The MPC is also concerned about the rising level of domestic debt and its sustainability, as shown by the average debt service to revenue ratio of 17.6 per cent in the last three years.
This rising domestic debt profile the MPC believes “would likely have a negative impact on domestic interest rates and the flow of credit to the core private sector, among others. Although debt to GDP ratio in 2011 stood 17.8 per cent the Committee noted that the percentage of debt service to government revenue was a high 19.1 per cent in the same year.”
In view of the high interest rate environment occasioned by tight monetary policy stance, a moderation in government borrowing would be positive not just for the fiscal position but for access to finance by the private sector. The CBN was advised to maintain its clear focus on price stability as “it is not evident that a moderation in February is sufficient to establish a trend, and warrant a reversal of monetary tightening,” Sanusi said.

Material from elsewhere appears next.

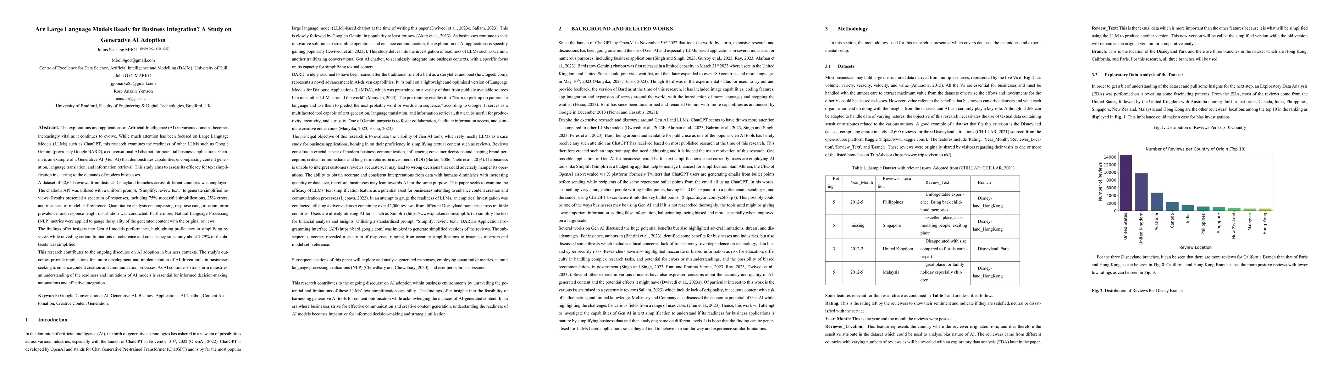 The explorations and applications of Artificial Intelligence (AI) in various domains becomes increasingly vital as it continues to evolve. While much attention has been focused on Large Language Models (LLMs) such as ChatGPT, this research examines the readiness of other LLMs such as Google Gemini (previously Google BARD), a conversational AI chatbot, for potential business applications. Gemini is an example of a Generative AI (Gen AI) that demonstrates capabilities encompassing content generation, language translation, and information retrieval. This study aims to assess its efficacy for text simplification in catering to the demands of modern businesses. A dataset of 42,654 reviews from distinct Disneyland branches was employed. The chatbot's API was utilised with a uniform prompt to generate simplified re-views. Results presented a spectrum of responses, including 75% successful simplifications, 25% errors, and instances of model self-reference. Quantitative analysis encompassing response categorisation, error prevalence, and response length distribution was conducted. Furthermore, Natural Language Processing (NLP) metrics were applied to gauge the quality of the generated content with the original reviews. The findings offer insights into Gen AI models performance, highlighting proficiency in simplifying re-views while unveiling certain limitations in coherence and consistency since only about 7.79% of the datasets was simplified. This research contributes to the ongoing discourse on AI adoption in business contexts. The study's out-comes provide implications for future development and implementation of AI-driven tools in businesses seeking to enhance content creation and communication processes. As AI continues to transform industries, an understanding of the readiness and limitations of AI models is essential for informed decision-making, automations and effective integration.

Sanusi also noted that the MPC resolved to watch closely developments with respect to the fiscal stance and to respond appropriately if, and when, the need arises. To arrive at this decision the MPC noted that the underlying inflationary pressure from supply shocks would have been more severe had there been no mitigating factors on the demand side.
It was also discovered that aggregate credit and broad money (M2) have been on the decline and there are signs of improving fiscal position with some control over expenditure and no imminent increase in wages.

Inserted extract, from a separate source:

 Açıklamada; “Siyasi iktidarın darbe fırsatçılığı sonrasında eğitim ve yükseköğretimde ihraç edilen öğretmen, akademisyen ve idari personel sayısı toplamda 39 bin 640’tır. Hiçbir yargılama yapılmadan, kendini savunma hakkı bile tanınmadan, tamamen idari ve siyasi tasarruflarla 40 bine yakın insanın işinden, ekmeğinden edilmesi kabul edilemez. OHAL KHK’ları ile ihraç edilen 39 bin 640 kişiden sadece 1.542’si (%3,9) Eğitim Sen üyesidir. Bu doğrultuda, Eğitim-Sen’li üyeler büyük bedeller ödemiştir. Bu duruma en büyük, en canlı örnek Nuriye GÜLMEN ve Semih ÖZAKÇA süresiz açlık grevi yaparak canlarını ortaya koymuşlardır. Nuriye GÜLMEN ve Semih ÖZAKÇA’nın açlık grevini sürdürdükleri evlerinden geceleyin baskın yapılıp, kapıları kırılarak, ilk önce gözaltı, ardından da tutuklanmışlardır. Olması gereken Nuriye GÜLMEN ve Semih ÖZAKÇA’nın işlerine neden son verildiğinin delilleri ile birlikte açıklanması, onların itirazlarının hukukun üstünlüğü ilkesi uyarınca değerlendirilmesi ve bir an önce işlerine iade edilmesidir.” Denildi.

Government’s fiscal position and the absence of second-round effects of fuel subsidy removal Sanusi said “complemented the monetary stance to dampen demand. The situation is further supported by stable exchange rates and stable international commodity prices which combine to moderate imported inflation.”
The Committee, the governor added “recognized that in light of increasingly benign global environment, it is imperative to ensure that the current growth path is sustained. It noted the relative stability in the foreign exchange market as well as the modest accretion to external reserves during the period.”
In view of the poor accretion to reserves in 2011 and the need to continue to build buffers for the economy in an uncertain environment, the MPC Sanusi pointed out endorsed the stance of the CBN to focus on building reserves, defending the stability of the currency and providing conditions that are conducive to the inflow of Foreign Direct Investment (FDI).
The Committee noted with satisfaction the introduction of some fiscal and structural measures that could improve the revenue base of the government as well as enhance the capacity of the domestic economy to improve the value chain in the production process. Some of these measures include introduction of cost reflective electricity tariffs and progress in agricultural transformation initiatives.
These measures he said “would have a salutary effect on the fiscal position, they may, in the short run, put pressure on domestic prices.” Consequently he called “for both monetary and fiscal authorities to put in place coordinated measures that would moderate the increase in the general level of domestic prices in the short to medium term.”
After reviewing the overall fiscal position the committee commended the fiscal authorities for the discipline being introduced into government spending, the tightening of fiscal controls and the renewed focus on spending on capital projects.